On Privacy versus Freedom (Matthew Hodgson, Matrix)

(…) All of this completely ignores one critical thing - the value of freedom. Freedom to select which server to use. Freedom to run your own server (perhaps invisibly in your app, in a P2P world). Freedom to pick which country your server runs in. Freedom to select how much metadata and history to keep. Freedom to choose which apps to use - while still having the freedom to talk to anyone you like (without them necessarily installing yet another app). Freedom to connect your own functionality - bots, bridges, integrations etc. Freedom to select which identifiers (if any) to use to register your account. Freedom to extend the protocol. Freedom to write your own client, or build whole new as-yet-unimagined systems on top.

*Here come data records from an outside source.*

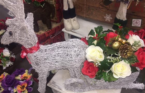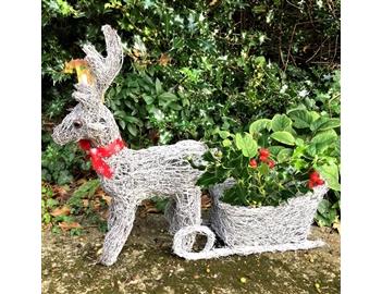 Beautiful grey reindeer pulling his sleigh, suitable for indoor or outdoor use, price includes sleigh filled with artificial flowers or seasonal plants - size is 52cm
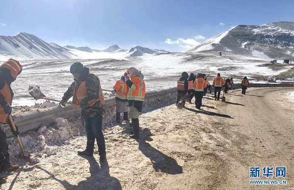 在國道109線K3349路段,安多公路養(yǎng)護段工作人員進行除雪除冰作業(yè)(2019年2月13日攝)。新華社發(fā)(邊巴央吉 攝)
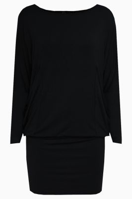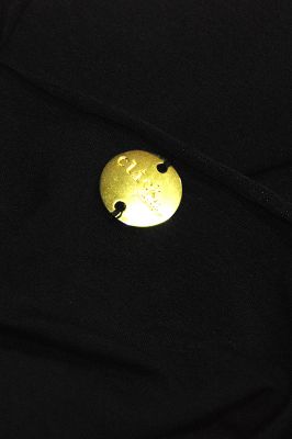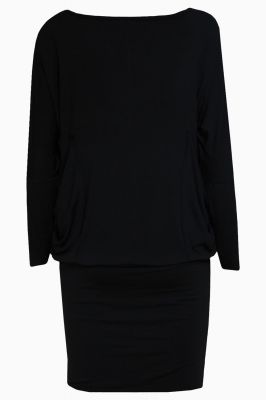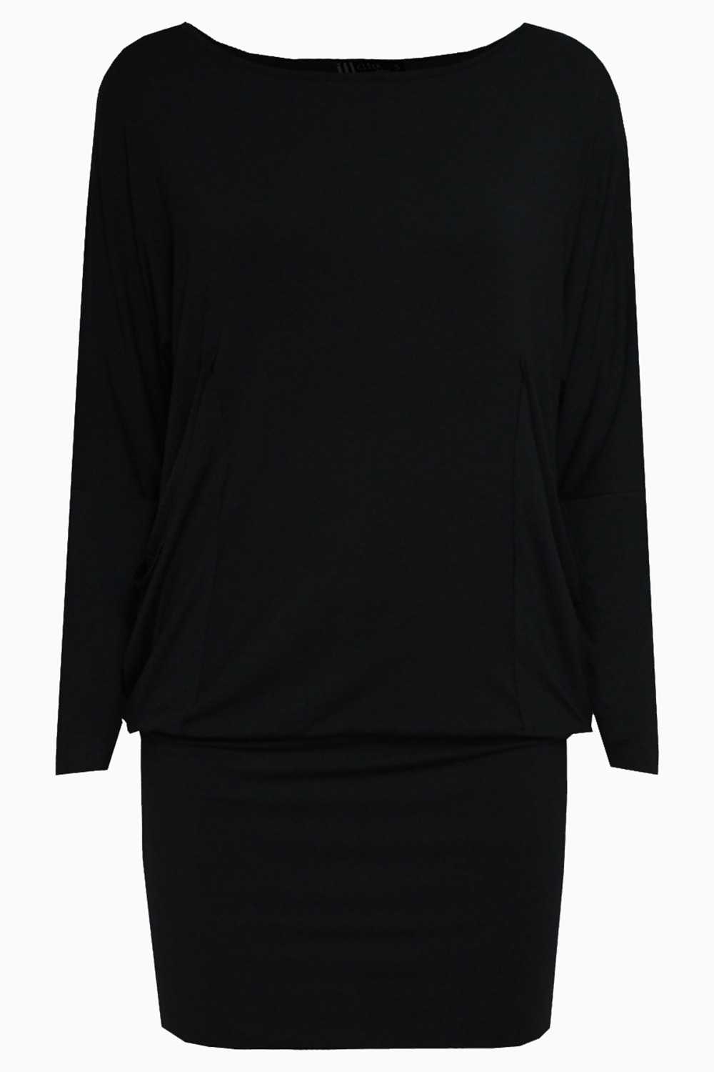 Tunika z długimi rękawami i łódkowym dekoltem, wykonana z miękkiego w dotyku materiału w kolorze czarnym. Po obu stronach znajdują się luźne, marszczone kieszenie. Na jednej z nich - blaszka z ligo Click w kolorze złotym.
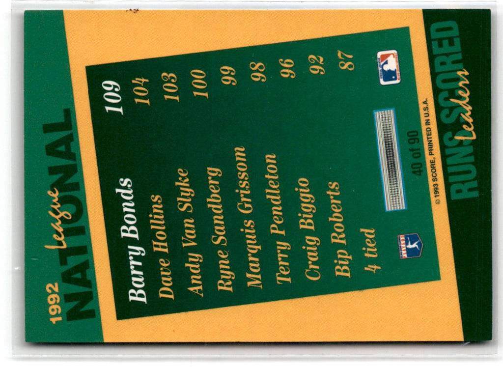 Description: 1993 Score Select Stat Leaders Barry Bonds #40
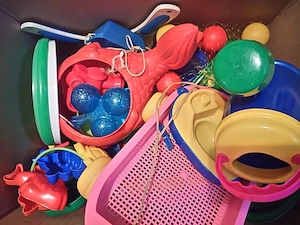 Verkaufe Spielzeug-Set für Garten, Strand und Sandkasten. Es sind viele hochwertige Markenteile dabei, die stabil und langlebig sind. BIG: Baustellen-KInderhelm (größenverstellbar) Gowi: Eimer, Rechen, Gießkanne Rolly Toys: (Kegelspiel (9 Kegel, 2 Bälle), Rechen und Schaufel, Sandförmchen Androni ...
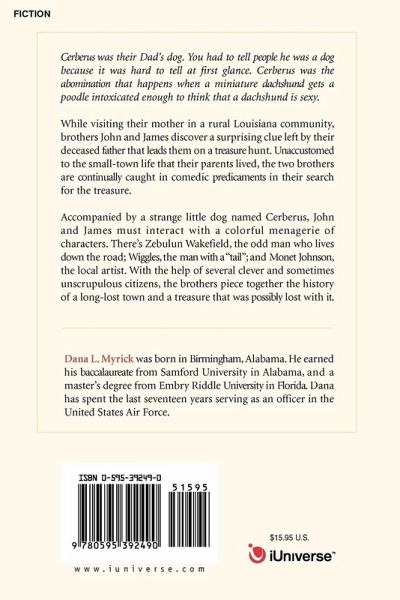 Cerberus was their Dad's dog. You had to tell people he was a dog because it was hard to tell at first glance. Cerberus was the abomination that happens when a miniature dachshund gets a poodle intoxicated enough to think that a dachshund is sexy. While visiting their mother in a rural Louisiana community, brothers John and James discover a surprising clue left by their deceased father that leads them on a treasure hunt. Unaccustomed to the small-town life that their parents lived, the two brothers are continually caught in comedic predicaments in their search for the treasure. Accompanied by a strange little dog named Cerberus, John and James must interact with a colorful menagerie of characters. There's Zebulun Wakefield, the odd man who lives down the road; Wiggles, the man with a "tail"; and Monet Johnson, the local artist. With the help of several clever and sometimes unscrupulous citizens, the brothers piece together the history of a long-lost town and a treasure that was possibly lost with it.
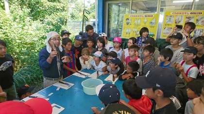 係の方が、イカのさばき方の実演をしています。どの子もしっかり見ています。
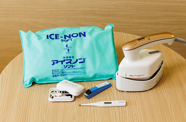[無料]氷枕、ソーイングセット、つめ切り、体温計、衣類スチーマー
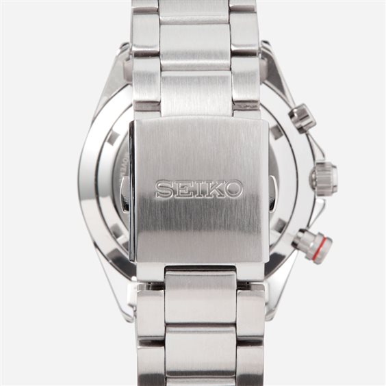 Questo orologio al quarzo della collezione Seiko SPORT è ricco di funzioni. Il suo quadrante blu profondo presenta i tre contatori del cronografo ed è circondato da una lunetta tachimetrica. Questo modello interamente in acciaio inossidabile è anche molto solido con il suo vetro hardlex, il suo fondello a vite e la sua resistenza all'acqua fino a 100 metri.
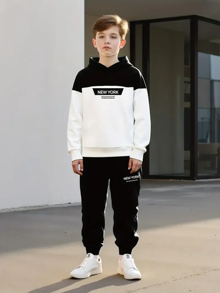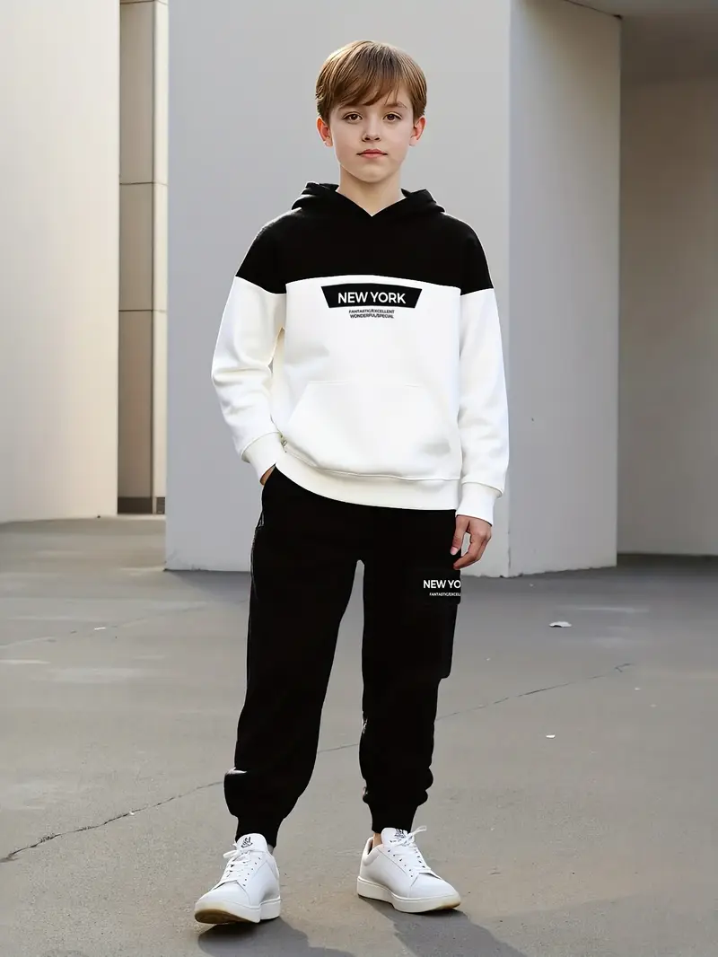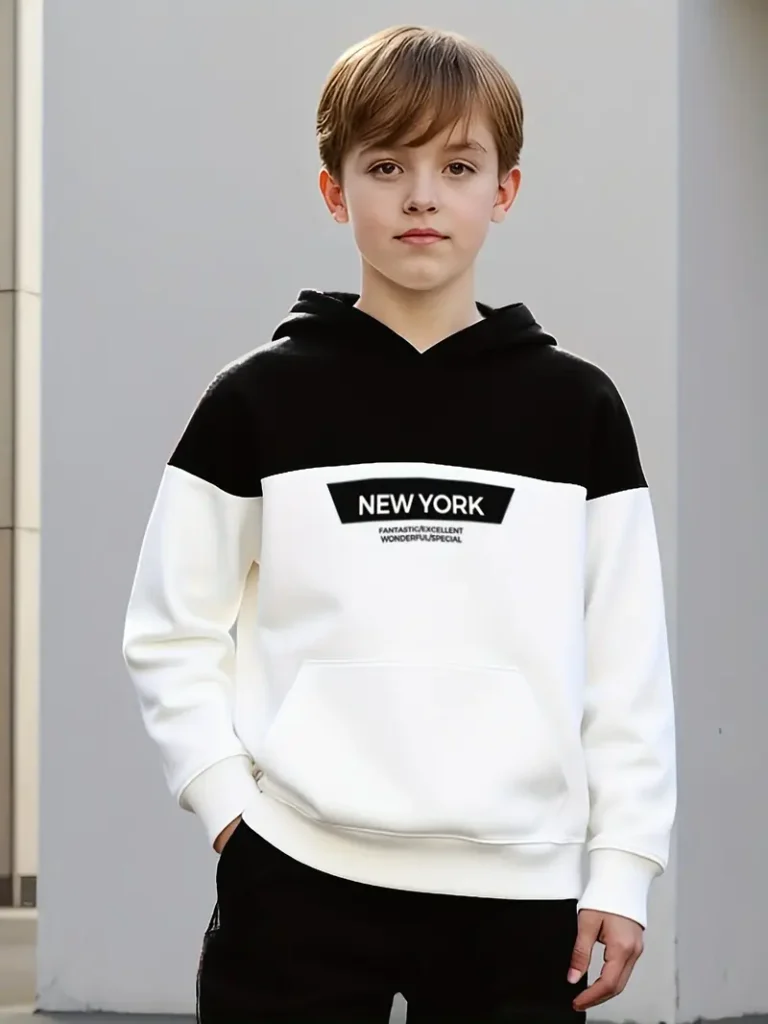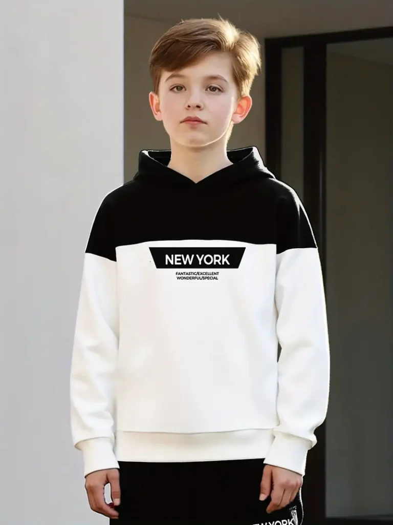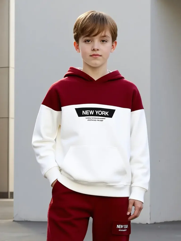 This boys’ long sleeve and pants set is perfect for casual wear in spring and autumn. Featuring a “NEW YORK” letter print contrast color hoodie and drawstring pants, it offers comfort and style with its soft French Terry fabric.

It’s true that if you’re writing a messaging app optimised for privacy at any cost, Moxie’s approach is one way to do it. However, this ends up being a perversely closed world - a closed network, where unofficial clients are banned, with no platform to build on, no open standards, and you end up thoroughly putting all your eggs in one basket, trusting past, present & future Signal to retain its values, stay up and somehow dodge compromise & censorship… despite probably being the single highest value attack target on the ‘net.

Quite simply, that isn’t a world I want to live in.

We owe the entire success of the Internet (let alone the Web) to openness, interoperability and decentralisation. To declare that openness, interoperability and decentralisation is ‘too hard’ and not worth the effort when building a messaging solution is to throw away all the potential of the vibrancy, creativity and innovation that comes from an open network. Sure, you may end up with a super-private messaging app - but one that starts to smell alarmingly like a walled garden like Facebook’s Internet.org initiative, or an AOL keyword, or Google’s AMP.

So, we continue to gladly take up Moxie’s challenge to prove him wrong - to show that it’s both possible and imperative to create an open decentralised messaging platform which (if you use reputable apps and servers) can be as secure and metadata-protecting as Signal… and indeed more so, given you can run your server off the grid, and don’t need to register with a phone number, and in future may not even need a server at all.